Sunday, August 10, 2008

Deferred rendering

I remember back to the intro data structure and algorithm class I took in college. The thing the professor kept trying to hammer home was not how a red and black tree works. It was data structures and algorithms have strengths and weaknesses. This point affects everything we do in graphics. The majority of things we implement have already been done before, either by other game developers, offline graphics years ago, academics, etc. There is very few places that we come up with something brand new. Most of the inventions are even small variations to existing techniques. So, given this fact, the most important skill we can have is the ability to get knowledge of all the available options, the strengths and weaknesses of each and apply the one best for the current job. And at every chance we get, add our own little tweaks and flavor to make it better than what has come before.

Forward Rendering

Forward rendering means for every light to surface interaction the surface is drawn with that lighting information. Every one of these light surface interactions is drawn additively to the screen. There are many problems with this method. Since each surface needs to be drawn again for every light that hits it there are many redundant draws, triangles, and material pixel operations such as texture fetches or adding in detail maps. With all these disadvantages it is still very popular. For instance it is the way Doom 3 and Unreal 3 engines work.

Deferred Rendering
Deferred rendering was invented to solve these problems. Traditional deferred rendering is drawing all needed surface and material attributes to a deep framebuffer called the G-buffer. For each light seen the light geometry can be drawn to the screen with a shader that reads from the G buffer and can add up the light interaction to the color buffer. No direct interaction with the surface and the light is needed. This is only possible because anything that shader would need is put in the G buffer. Any surfaces to be drawn only need to fill in the G buffer with their attributes once meaning no redundant draws, triangles, or material pixel cost.
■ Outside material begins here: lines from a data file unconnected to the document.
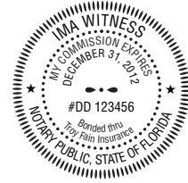
Round Stamp Image - not actual size.

This round self-inking stamp produces clear impressions similar in format to a metal embosser. No need for a separate ink pad.
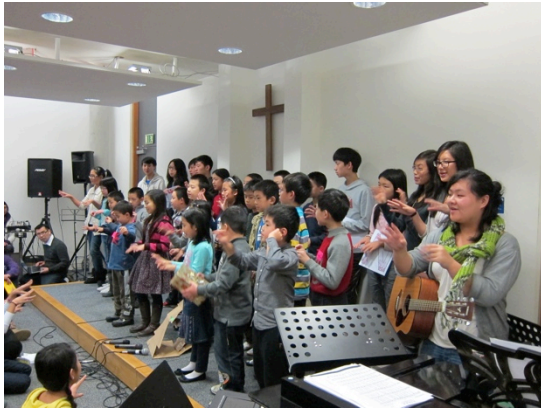
The children's performance after the camp 孩子們在營會結束後的彙報表演
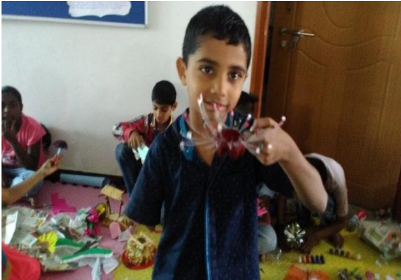
Students involved in Art activity
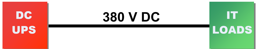
Figure 1d represents a hypothetical approach distributing 380 V DC. IT devices designed to operate from 380 V DC would need to exist in order for this approach to work.

Hypothetical approach for distributing 380 V DC
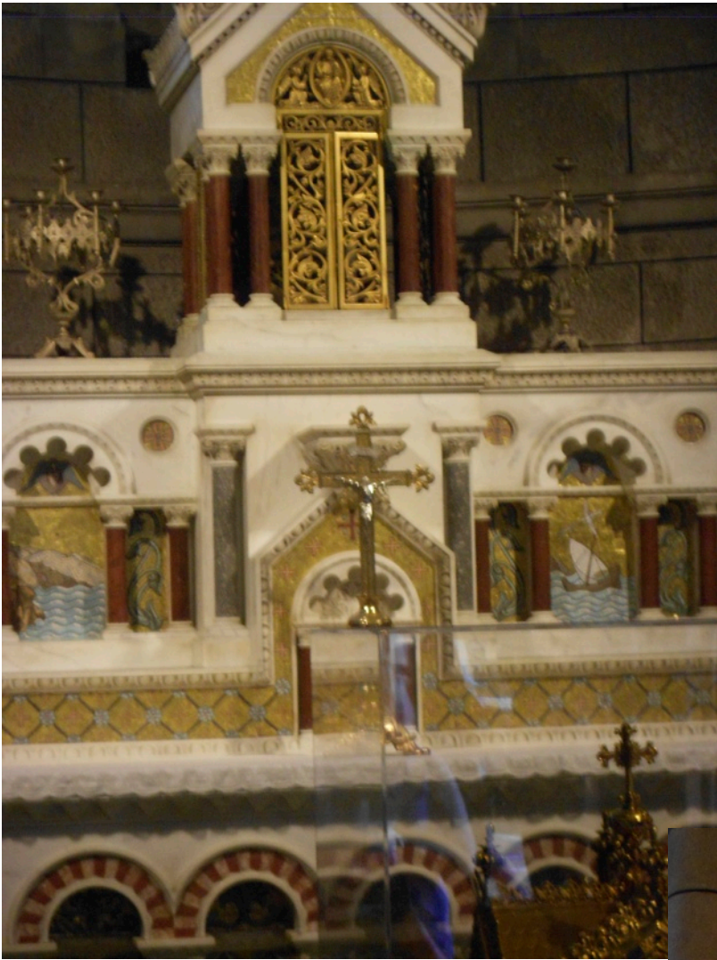
Inside the church.
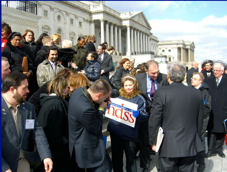
National Down Syndrome Society 2011 Buddy Walk on Washington

Deferred rendering is not without its disadvantages either. The G buffer can take up quite a bit of space so trying to pack the attributes to the smallest space possible is the goal. Since the G buffer is always quite fat the attribute drawing pass is almost always ROP bound. In my opinion the worst problem is special materials that do something non standard can't work. Exactly what custom materials can do is defined by what is in the G buffer. Usually only the common attributes are packed for space reasons.

Gurialla's deferred system for Killzone 2 is explained in this great presentation.

In their system the attributes stored in the G buffer are:
  • RGBA8 for color
  • standard depth/stencil buffer (can be used to derive world position)
  • normal
  • XY motion vectors
  • spec exponent
  • spec intensity
  • diffuse color

There's a few things immediately obvious that this can't do. There is no floating point color buffer so real HDR is not possible nor things like gamma correct lighting that require higher precision color. Because only spec intensity is stored only grayscale specularity is possible. Since the game looks pretty gray this is likely not a problem for them but it is for other people.

What isn't obvious is the lighting equation has to be the same across all materials. It is likely Phong based. This rules out cool things like hair shaders, anisotropic brushed metal, fake subsurface scattering, fresnel, roughness, fuzz, cloth shaders, etc.

So, how about some alternative methods? A few have been popping up over the past year.

Light Indexed Deferred Rendering
paper

This builds a screen buffer of light indexes that interact with that pixel. The base implementation ignores depth so the light may not hit the front most surface at that pixel. It can be extended to do so. The advantages is a large number of lights and only one pass of surface drawing. It also solves the problem of custom materials because the lighting happens when the surface is drawn. No attributes of either the light nor the surface have to be picked to store out. It also solves the ROP problem because no real deep framebuffer is ever drawn.

There are a number of problems with it though. First off to pass in light data that is indexable dx9 does not support dynamic indexed uniform access. This means the data needs to be passed in with textures for all the light data. This is a major pain in the ass and can be a performance problem depending on how often it is updated and how many textures are required to pass the data. To pass everything multiple floating point textures may be needed. Another problem is that applying a light does not happen one at a time. This means calculating shadows for a light need to stay around until all lights are applied. So for 4 shadowing lights on screen, you will likely need a 4 channel screen texture to composite them because stencil wont work and the number of shadow maps will likely be high. Now if you have 5 you'll need another screen texture. Other methods apply one light at a time so there is no need to save the shadows from multiple lights at once. You're "G-buffer" is now based on # of light indexes per pixel + # of shadows on screen. You can change this to # of shadows per pixel if you read the light index buffer when writing out the shadows.

Next Time
I didn't think this post was going to be so massive so I've decided to split it up and post this part now. I will go through the other deferred rendering alternatives as well as another option I haven't heard people talking about that I particularly like in my next post.

2 comments:

Unknown said...

I am pretty sure that Unreal Engine 3 uses a deferred renderer.

Koka said...

It doesn't- Unreal Engine 4 does though.